* _Work request_
After finding "After almost bankrupting" in a line below, print that line and the rest of the lines exactly, leaving out all pictures.

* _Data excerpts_

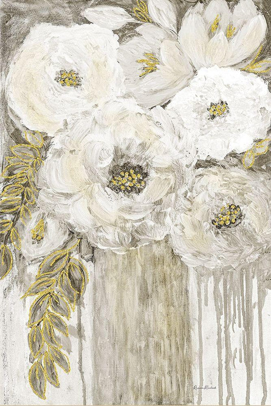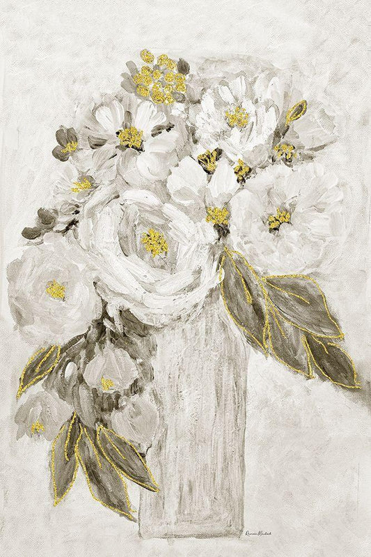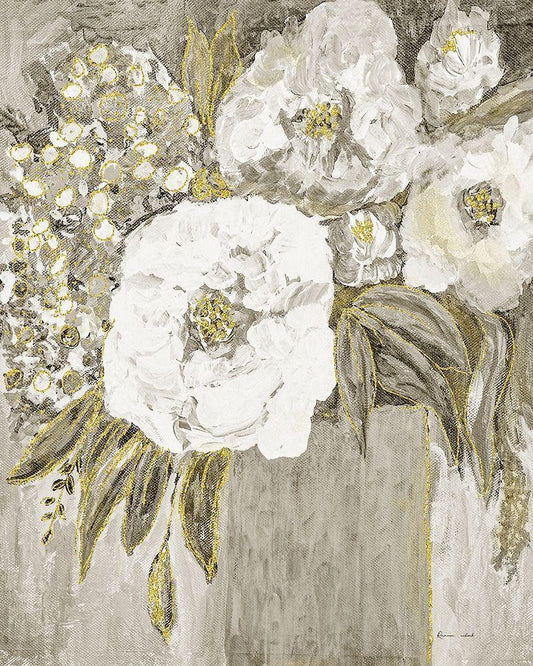 Gold Age Floral I White Modern Wood Framed Art Print with Double Matting by Murdock, Ramona
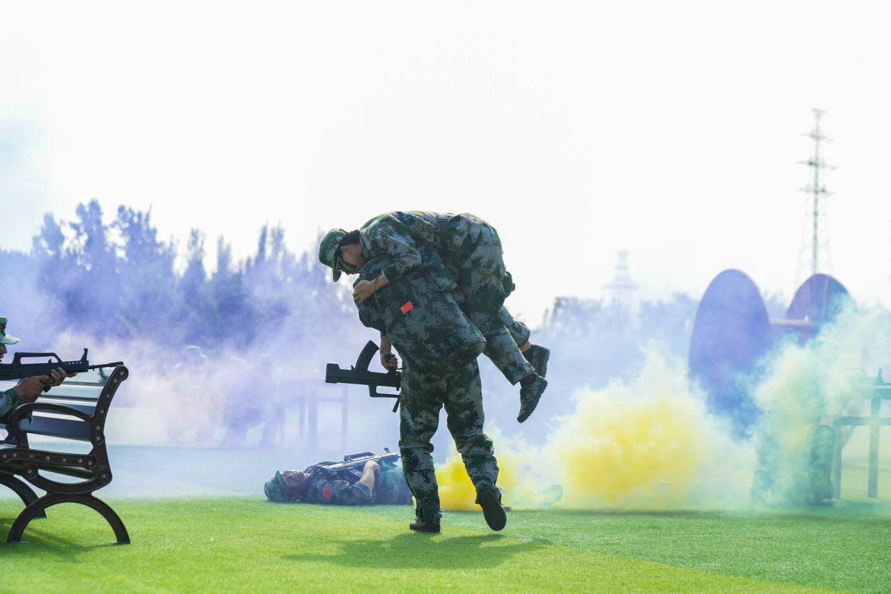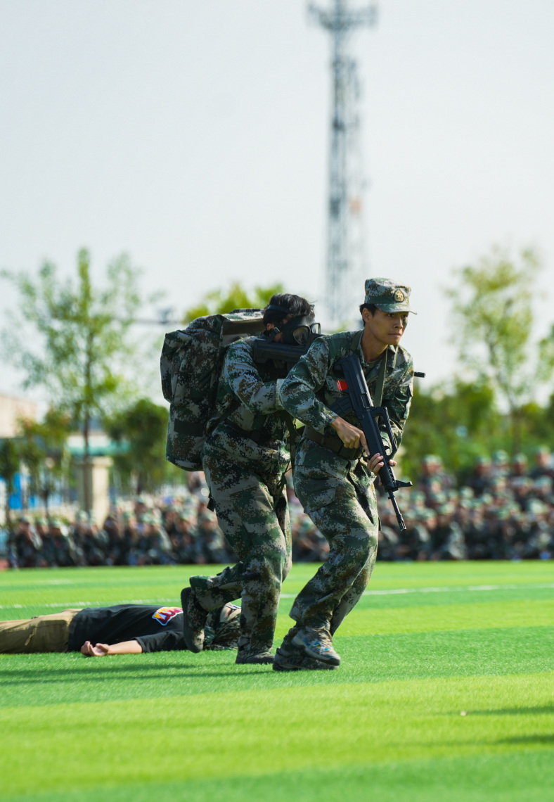伴隨著雄赳赳氣昂昂的國(guó)歌聲,典禮正式拉開(kāi)序幕。新生各分列式表演輪番上場(chǎng),他們踏著整齊的步伐,以挺拔的身姿、嘹亮的口號(hào)經(jīng)過(guò)主席臺(tái)前,接受校領(lǐng)導(dǎo)檢閱,展現(xiàn)了我校學(xué)子斗志昂揚(yáng)、朝氣蓬勃、奮發(fā)向上的精神風(fēng)貌。緊接著,拳術(shù)方陳和旗語(yǔ)方陣將氣勢(shì)磅礴的身體力量和精準(zhǔn)且富有美感的隊(duì)列動(dòng)作相結(jié)合,一招一式、一揮一舞、剛勁有力、拳拳生風(fēng),彰顯出了軍體拳的剛猛與力量,也展示出了旗語(yǔ)動(dòng)作的獨(dú)特與魅力。戰(zhàn)術(shù)方陣則向我們模擬了實(shí)戰(zhàn)場(chǎng)景,同學(xué)們動(dòng)作敏捷、相互配合、共同作戰(zhàn),充分展示了戰(zhàn)術(shù)技能和團(tuán)隊(duì)協(xié)作精神,現(xiàn)場(chǎng)師生們的掌聲熱烈,氣氛高漲。
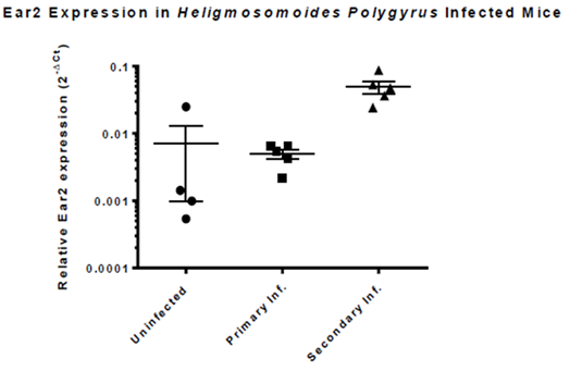 -During secondary infection of H. Polygyrus, Ear2 expression is highly upregulated.
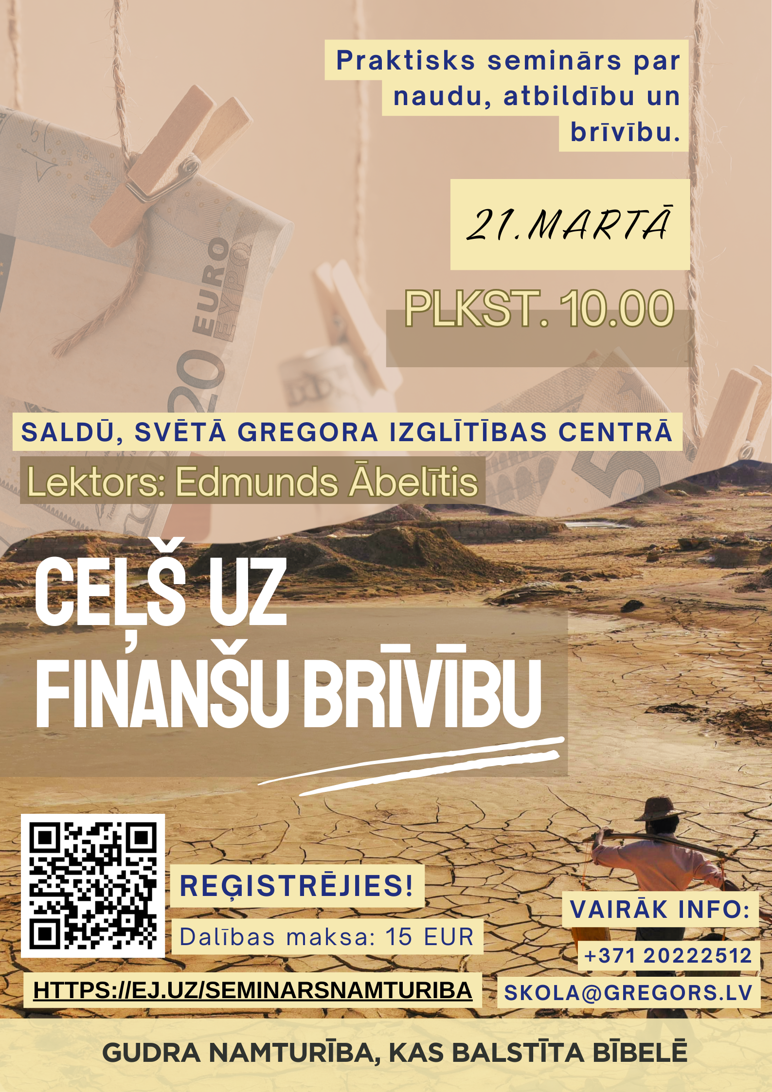 Sestdien, 21. martā, Svētā Gregora izglītības centrā notiks seminārs “Ceļš uz finansiālu brīvību”.
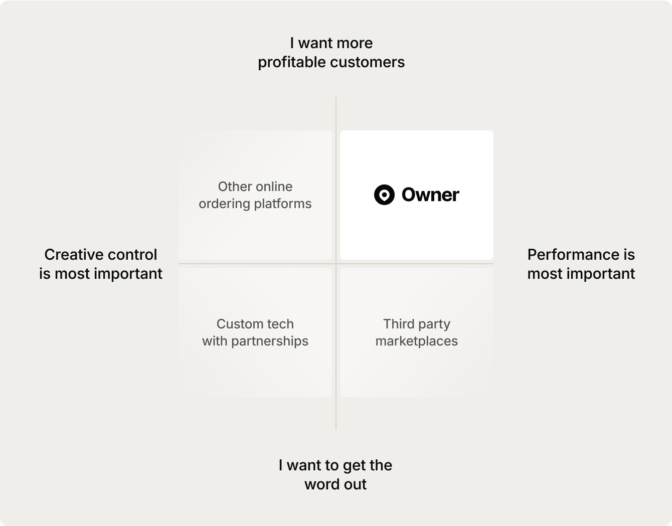 Owner’s customers are independent restaurant owners, typically operators of single-location or small-chain eateries that lack the resources of national brands. Their pain points are often low online visibility, high fees on delivery orders, low repeat order rates, and no unified way to manage it all.
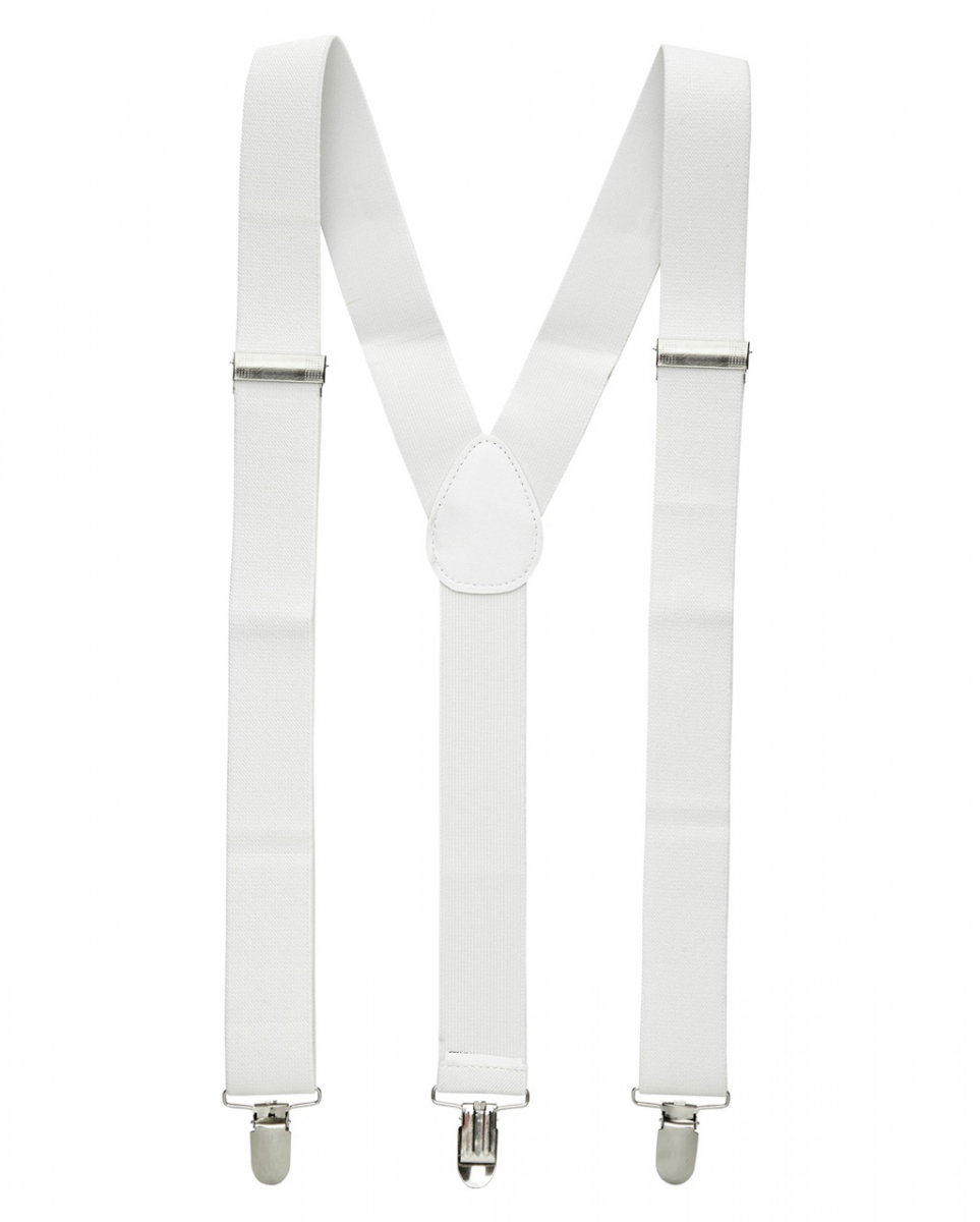 Elastische Hosenträger weiß Klassische Hosenträger als Kostümzubehör Weiße Hosenträger aus elastischem Stoff mit silbernen Clips. Klassische Hosenträger für dein Karnevals und Faschings Kostüm Heute sind die edlen, weißen Hosenträger wieder hochmodern und ein sehr beliebtes Modeaccessoire. Die klassischen Hosenträger sind elastisch und dehnbar. An den vorderen zwei Enden der Hosenträger und am Ende des hinteren Trägers befindet sich je ein silberner Metallclip zum Befestigen an der Hose. Lieferumfang: 1 Paar Hosenträger Farbe: weiß Größe: Länge verstellbar, Breite ca. 3,5 cm Material: 100% Polyester Achtung, nicht für Kinder unter 36 Monaten geeignet, enthält Kleinteile die verschluckt werden können
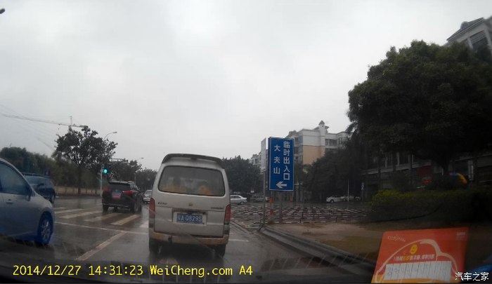 这个是12.27号那天装上行车记录仪后视频的截图,当天天气为阴雨绵绵,时而大雨,时而小雨天气。
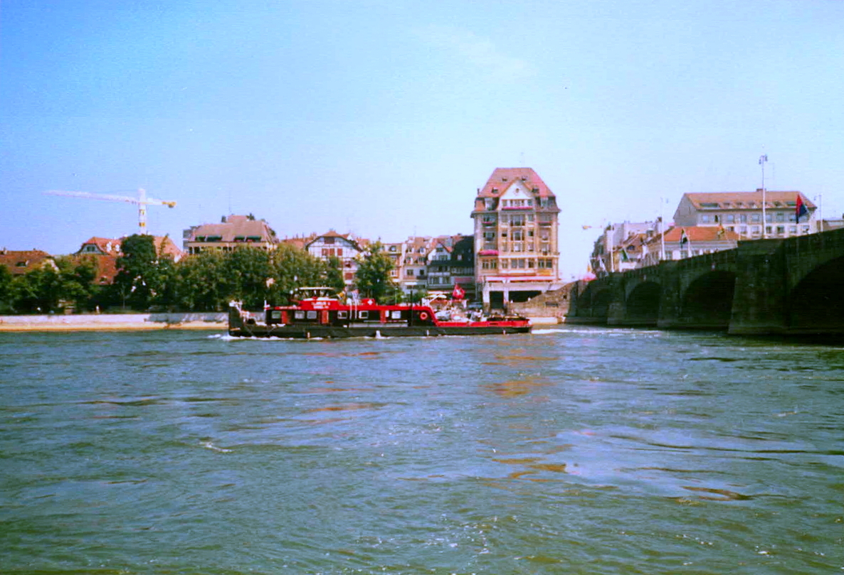 After almost bankrupting ourselves buying a small amount of food for lunch (Switzerland being markedly more expensive than anywhere else we had visited), we strolled down to the Rhine River near the Grand Hotel Les Trois Rois to eat it while admiring the views of the river, the historic Mittlere Brücke (Middle Bridge) and the bustling river traffic.
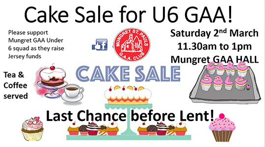 Saturday we gambled with the weather and lost. Our Under6 footballers went out for their usual 11am Saturday session but got caught in the worst hour of the day for bad weather (it was fine afterwards!). Fair play to them though, they stuck it out and finished the session, doing their drills and their games. Fundraising for Jerseys continues as we collect the sponsorship lines this week. We will also hold a CAKE SALE on Saturday March 2nd – last weekend before Lent! We’d like to thank the Juvenile section and Mungret St. Pauls Club for their continued support with new sliotars and footballs for these budding young Players. Football Saturdays 11am, hurling Mondays 6pm.

* _Expected answer_
 After almost bankrupting ourselves buying a small amount of food for lunch (Switzerland being markedly more expensive than anywhere else we had visited), we strolled down to the Rhine River near the Grand Hotel Les Trois Rois to eat it while admiring the views of the river, the historic Mittlere Brücke (Middle Bridge) and the bustling river traffic.
 Saturday we gambled with the weather and lost. Our Under6 footballers went out for their usual 11am Saturday session but got caught in the worst hour of the day for bad weather (it was fine afterwards!). Fair play to them though, they stuck it out and finished the session, doing their drills and their games. Fundraising for Jerseys continues as we collect the sponsorship lines this week. We will also hold a CAKE SALE on Saturday March 2nd – last weekend before Lent! We’d like to thank the Juvenile section and Mungret St. Pauls Club for their continued support with new sliotars and footballs for these budding young Players. Football Saturdays 11am, hurling Mondays 6pm.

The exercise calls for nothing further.